6. The water soluble film according to claim 1, wherein the water soluble resin is selected from the group consisting of polyvinyl alcohol, modified polyvinyl alcohols, water-soluble acrylate copolymers, polyacrylates, polyacryamides, polyvinyl pyrrolidone, pullulan, guar gum, xanthan gum, carrageenan, starch, ethoxylated starch, hydroxypropylated starch, poly(sodium acrylamido-2-methylpropane sulfonate), copolymers thereof, and combinations of any of the forgoing.
7. The water soluble film according claim 6, wherein the water soluble resin is present in the water soluble film in an amount of at least about 35 wt % to about 90 wt %, based on the total weight of the film.
8. The water soluble film according to claim 1, further comprising a plasticizer.
9. The water soluble film according to claim 8, wherein the plasticizer is selected from the group consisting of sorbitol, glycerol, diglycerol, propylene glycol, ethylene glycol, diethyleneglycol, triethylene glycol, tetraethyleneglycol, polyethylene glycols up to MW 400, 2 methyl-1,3-propanediol, lactic acid, monoacetin, triacetin, triethyl citrate, 1,3-butanediol, trimethylolpropane (TMP), polyether triol, and combinations thereof.
10. The water soluble film according to claim 9, wherein the plasticizer or combination of plasticizers is present in an amount of at least about 25 phr.

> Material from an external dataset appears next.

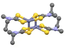 Compounds of the type Zn(S2CNR2)2 are dimeric, i.e. their proper formula is [Zn(S2CNR2)2]2.[6] Each Zn center is in a distorted pentacoordinate site, with four Zn-S bonds of 2.3 Å length and one Zn---S interaction >2.8 Å in length. Mono-zinc derivatives are obtained by adding strong ligands (L) such as amines, which give adducts Zn(S2CNR2)2L.[7]

11. The water soluble film according to claim 1, further comprising a surfactant.
12. The water soluble film according to claim 11, wherein the surfactant is selected from the group consisting dialkyl sulfosuccinate, lactylated fatty acid esters of glycerol and propylene glycol, lactylic esters of fatty acids, sodium alkyl sulfates, polysorbate 20, polysorbate 60, polysorbate 65, polysorbate 80, alkyl polyethylene glycol ethers, lecithin, acetylated fatty acid esters of glycerol and propylene glycol, sodium lauryl sulfate, acetylated esters of fatty acids, myristyl dimethylamine oxide, trimethyl tallow alkyl ammonium chloride, quaternary ammonium compounds, salts thereof, and combinations of any of the forgoing.
13. The water soluble film according to claim 11, wherein the surfactant is present in the water soluble film in an amount of at least about 0.05 phr.

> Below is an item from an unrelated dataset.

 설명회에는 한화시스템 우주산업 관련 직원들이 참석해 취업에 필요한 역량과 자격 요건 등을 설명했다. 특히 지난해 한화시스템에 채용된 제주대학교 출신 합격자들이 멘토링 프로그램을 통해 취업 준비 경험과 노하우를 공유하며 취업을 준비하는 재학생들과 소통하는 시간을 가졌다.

14. The water soluble film according to claim 1, wherein the enzyme activity recovery in the film after formation is at least 70% of the original enzyme activity in the enzyme composition raw material used to make the film.
15. A method of forming a water soluble film, comprising providing a solution comprising a water soluble resin, an enzyme selected from the group consisting of cellulase and mannanase, and an enzyme substrate for said enzyme; wherein when the enzyme is a cellulase, the enzyme substrate is selected from the group consisting of a cellulose and methyl cellulose; and when the enzyme is a mannanase, the substrate is selected from the group consisting of a mannan and guar gum;
casting the solution onto a surface preheated to a temperature less than 77° C.;
drying the water from the cast solution over a period of less than 24 hours, to form a water soluble film.
16. The water soluble film according to claim 3, wherein the second enzyme is different from the first enzyme and is selected from the group consisting of amylase, lipase, protease, oxido-reductase, cellulase, mannanase, and combinations thereof.
17. A water soluble film, the film comprising a water soluble mixture of:
a water soluble resin, an enzyme selected from the group consisting of cellulase and mannanase, and an enzyme substrate for said enzyme; wherein when the enzyme is a cellulase, the enzyme substrate is selected from the group consisting of a cellulose and methyl cellulose; and when the enzyme is a mannanase, the substrate is selected from the group consisting of a mannan and guar gum;
wherein the enzyme substrate is not the same as the water soluble resin, and
wherein the film exhibits an increase in enzyme recovery relative to a like film with no enzyme substrate included.
18. The water soluble film according to claim 6, wherein the water soluble resin comprises one or more selected from the group consisting of polyvinyl alcohol and modified polyvinyl alcohols.